TASK TO CARRY OUT. Transcribe the entries exactly as they stand below, passing over any picture.

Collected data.
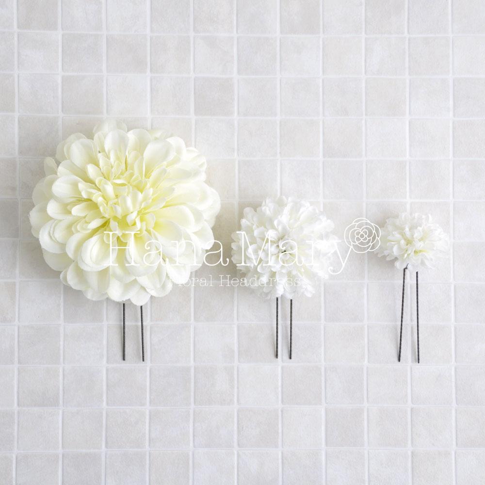 その日のヘアスタイルによって自由に一輪一輪配置できます。お花の数が多い場合でも、アメピンを追加して簡単にしっかりと固定できます。
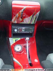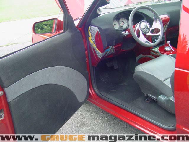 Custom dash (Acura Integra), Fiberglass Console painted to match, Custom seats.
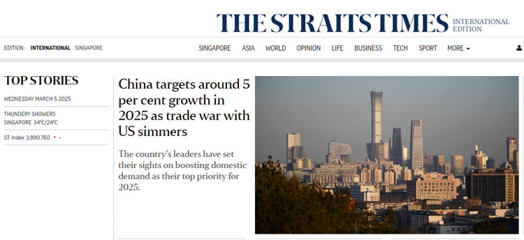新加坡《海峡时报》也在网站首页头图置顶发布了中国两会相关报道。报道指出,中国将2025年经济增长目标设定为约5%,并计划通过更强有力的财政支持推动增长。报道称这一目标“雄心勃勃”,并预计中国政府工作报告中提到的人工智能等新兴产业将成为两会期间代表委员们讨论的重点。
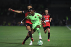 Ciudad Juárez, Chihuahua, 10 de abril de 2026. Frank Boya, durante el partido correspondiente a la jornada 14 del torneo Clausura 2026 de la Liga BBVA MX, entre los Bravos de FC Juárez y los Xolos de Tijuana, realizado en realizado en el estadio Olímpico Benito Juárez. Foto: Imago7/ Alejandro Rodríguez
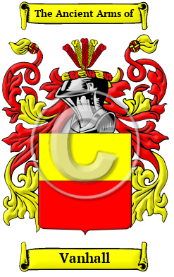 The distinguished German surname Vanhall is derived from the Old High German "halla," meaning "hall" or "manor." This name was probably originally borne either by someone who lived near a large house, or by someone who was employed at a hall or manor.
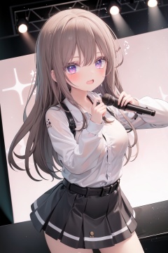 1girl, solo, microphone, smile, skirt, blush, brown eyes, long hair, open mouth, looking at viewer, brown hair, long sleeves, :d, shirt, bangs, belt, breasts, pink shirt, outstretched arm, music, black belt, medium breasts, holding microphone, singing
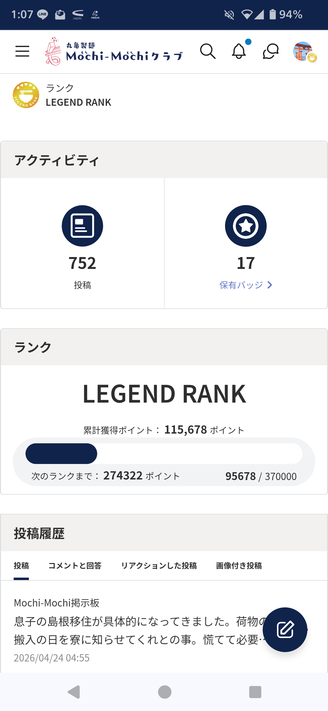 トップ > Mochi-Mochi掲示板 > 丸亀自由帳 > 本日の業務終わりました〜めっちゃ歩いてた!キ... みぽっち 2026/04/24 20:28 <p>本日の業務終わりました〜</p><p>めっちゃ歩いてた!</p><div class="se-component se-image-container __se__float-none"><figure><img src="https://community.dl-asobica.com/public/uploads/ckeditor/pictures/1112469/5ff8e379-737e-4a45-9165-ba91c3d2f00d.png" alt="" data-rotate="" data-proportion="true" data-size="," data-align="none" data-percentage="auto,auto" data-file-name="5ff8e379-737e-4a45-9165-ba91c3d2f00d.png" data-file-size="undefined" data-origin="," style=""></figure></div><p>キリ番ではないけど</p><div class="se-component se-image-container __se__float-none"><figure><img src="https://community.dl-asobica.com/public/uploads/ckeditor/pictures/1112472/9a26a11f-0b91-4953-8906-97a4d6d68ce3.png" alt="" data-rotate="" data-proportion="true" data-size="," data-align="none" data-percentage="auto,auto" data-file-name="9a26a11f-0b91-4953-8906-97a4d6d68ce3.png" data-file-size="undefined" data-origin="," style=""></figure></div><p>5678って事で💦</p> 本日の業務終わりました〜 めっちゃ歩いてた! キリ番ではないけど 5678って事で💦 いいね 共有する 共有する X LINE リンクをコピー トークにコメントする 8件のコメント (新着順) ミュートしたユーザーの投稿です。 投稿を表示 讃岐うどん 2026/04/25 16:10 元気によく歩きました。えらいえらい。パチパチ👏👏 利用しているアプリ、本日サービスデーとかで、1歩で3歩に換算しているとかではないでしょうね。 また、みぽっちさんにバカにするな!と怒られそうですね。 いいね 返信する ミュートしたユーザーの投稿です。 投稿を表示 輝るうどん 2026/04/25 08:36 健康的ですね! いいね 返信する ミュートしたユーザーの投稿です。 投稿を表示 茹でパスタ 2026/04/25 04:17 お疲れ様です🤗 沢山歩かれていて、それだけお仕事が忙しかったのがわかりますね〜🤗✨ いいね 返信する ミュートしたユーザーの投稿です。 投稿を表示 みぽっち 2026/04/25 05:29 茹でパスタ 今日は歩いたな〜と自分でも思いました〜✨ いいね 返信する ミュートしたユーザーの投稿です。 投稿を表示 きらたろー 2026/04/24 23:41 お疲れさまでした🙋♀️ 私も庭関係(セルフ剪定)で歩いたので5桁行きました✨ いいね 返信する ミュートしたユーザーの投稿です。 投稿を表示 みぽっち 2026/04/25 05:28 きらたろー 1万歩歩くと達成感がありますよね✨ いいね 返信する ミュートしたユーザーの投稿です。 投稿を表示 cosmepico 2026/04/24 22:33 おつかれさまでした。 ふくらはぎのストレッチをしてあげてくださいね😊 いいね 返信する ミュートしたユーザーの投稿です。 投稿を表示 みぽっち 2026/04/25 05:27 cosmepico ありがとうございます✨ 浮腫んでる〜💦 いいね 返信する ミュートしたユーザーの投稿です。 投稿を表示 ハセヤン 2026/04/24 22:20 境内を歩いていると かなりの歩数になります いいね 返信する ミュートしたユーザーの投稿です。 投稿を表示 みぽっち 2026/04/25 05:27 ハセヤン 広い境内なのかな〜 お散歩コースでしょうか、随分行ってないな〜💦 いいね 返信する ミュートしたユーザーの投稿です。 投稿を表示 マッラー🍓 2026/04/24 20:52 もうすぐで2万歩いっぱい歩きましたね🚶 お仕事お疲れ様でした😊 いいね 返信する ミュートしたユーザーの投稿です。 投稿を表示 みぽっち 2026/04/25 05:26 マッラー🍓 自分でもびっくり! いいね 返信する ミュートしたユーザーの投稿です。 投稿を表示 寅ちゃん 2026/04/24 20:35 凄すぎ!この辺で「いいころなはっ」😅 いいね 返信する ミュートしたユーザーの投稿です。 投稿を表示 みぽっち 2026/04/24 20:39 寅ちゃん 恐縮です☺️ いいね 返信する

EXERCISE OUTPUT.
 その日のヘアスタイルによって自由に一輪一輪配置できます。お花の数が多い場合でも、アメピンを追加して簡単にしっかりと固定できます。
 Custom dash (Acura Integra), Fiberglass Console painted to match, Custom seats.
新加坡《海峡时报》也在网站首页头图置顶发布了中国两会相关报道。报道指出,中国将2025年经济增长目标设定为约5%,并计划通过更强有力的财政支持推动增长。报道称这一目标“雄心勃勃”,并预计中国政府工作报告中提到的人工智能等新兴产业将成为两会期间代表委员们讨论的重点。
 Ciudad Juárez, Chihuahua, 10 de abril de 2026. Frank Boya, durante el partido correspondiente a la jornada 14 del torneo Clausura 2026 de la Liga BBVA MX, entre los Bravos de FC Juárez y los Xolos de Tijuana, realizado en realizado en el estadio Olímpico Benito Juárez. Foto: Imago7/ Alejandro Rodríguez
 The distinguished German surname Vanhall is derived from the Old High German "halla," meaning "hall" or "manor." This name was probably originally borne either by someone who lived near a large house, or by someone who was employed at a hall or manor.
 1girl, solo, microphone, smile, skirt, blush, brown eyes, long hair, open mouth, looking at viewer, brown hair, long sleeves, :d, shirt, bangs, belt, breasts, pink shirt, outstretched arm, music, black belt, medium breasts, holding microphone, singing
 トップ > Mochi-Mochi掲示板 > 丸亀自由帳 > 本日の業務終わりました〜めっちゃ歩いてた!キ... みぽっち 2026/04/24 20:28 <p>本日の業務終わりました〜</p><p>めっちゃ歩いてた!</p><div class="se-component se-image-container __se__float-none"><figure><img src="https://community.dl-asobica.com/public/uploads/ckeditor/pictures/1112469/5ff8e379-737e-4a45-9165-ba91c3d2f00d.png" alt="" data-rotate="" data-proportion="true" data-size="," data-align="none" data-percentage="auto,auto" data-file-name="5ff8e379-737e-4a45-9165-ba91c3d2f00d.png" data-file-size="undefined" data-origin="," style=""></figure></div><p>キリ番ではないけど</p><div class="se-component se-image-container __se__float-none"><figure><img src="https://community.dl-asobica.com/public/uploads/ckeditor/pictures/1112472/9a26a11f-0b91-4953-8906-97a4d6d68ce3.png" alt="" data-rotate="" data-proportion="true" data-size="," data-align="none" data-percentage="auto,auto" data-file-name="9a26a11f-0b91-4953-8906-97a4d6d68ce3.png" data-file-size="undefined" data-origin="," style=""></figure></div><p>5678って事で💦</p> 本日の業務終わりました〜 めっちゃ歩いてた! キリ番ではないけど 5678って事で💦 いいね 共有する 共有する X LINE リンクをコピー トークにコメントする 8件のコメント (新着順) ミュートしたユーザーの投稿です。 投稿を表示 讃岐うどん 2026/04/25 16:10 元気によく歩きました。えらいえらい。パチパチ👏👏 利用しているアプリ、本日サービスデーとかで、1歩で3歩に換算しているとかではないでしょうね。 また、みぽっちさんにバカにするな!と怒られそうですね。 いいね 返信する ミュートしたユーザーの投稿です。 投稿を表示 輝るうどん 2026/04/25 08:36 健康的ですね! いいね 返信する ミュートしたユーザーの投稿です。 投稿を表示 茹でパスタ 2026/04/25 04:17 お疲れ様です🤗 沢山歩かれていて、それだけお仕事が忙しかったのがわかりますね〜🤗✨ いいね 返信する ミュートしたユーザーの投稿です。 投稿を表示 みぽっち 2026/04/25 05:29 茹でパスタ 今日は歩いたな〜と自分でも思いました〜✨ いいね 返信する ミュートしたユーザーの投稿です。 投稿を表示 きらたろー 2026/04/24 23:41 お疲れさまでした🙋♀️ 私も庭関係(セルフ剪定)で歩いたので5桁行きました✨ いいね 返信する ミュートしたユーザーの投稿です。 投稿を表示 みぽっち 2026/04/25 05:28 きらたろー 1万歩歩くと達成感がありますよね✨ いいね 返信する ミュートしたユーザーの投稿です。 投稿を表示 cosmepico 2026/04/24 22:33 おつかれさまでした。 ふくらはぎのストレッチをしてあげてくださいね😊 いいね 返信する ミュートしたユーザーの投稿です。 投稿を表示 みぽっち 2026/04/25 05:27 cosmepico ありがとうございます✨ 浮腫んでる〜💦 いいね 返信する ミュートしたユーザーの投稿です。 投稿を表示 ハセヤン 2026/04/24 22:20 境内を歩いていると かなりの歩数になります いいね 返信する ミュートしたユーザーの投稿です。 投稿を表示 みぽっち 2026/04/25 05:27 ハセヤン 広い境内なのかな〜 お散歩コースでしょうか、随分行ってないな〜💦 いいね 返信する ミュートしたユーザーの投稿です。 投稿を表示 マッラー🍓 2026/04/24 20:52 もうすぐで2万歩いっぱい歩きましたね🚶 お仕事お疲れ様でした😊 いいね 返信する ミュートしたユーザーの投稿です。 投稿を表示 みぽっち 2026/04/25 05:26 マッラー🍓 自分でもびっくり! いいね 返信する ミュートしたユーザーの投稿です。 投稿を表示 寅ちゃん 2026/04/24 20:35 凄すぎ!この辺で「いいころなはっ」😅 いいね 返信する ミュートしたユーザーの投稿です。 投稿を表示 みぽっち 2026/04/24 20:39 寅ちゃん 恐縮です☺️ いいね 返信する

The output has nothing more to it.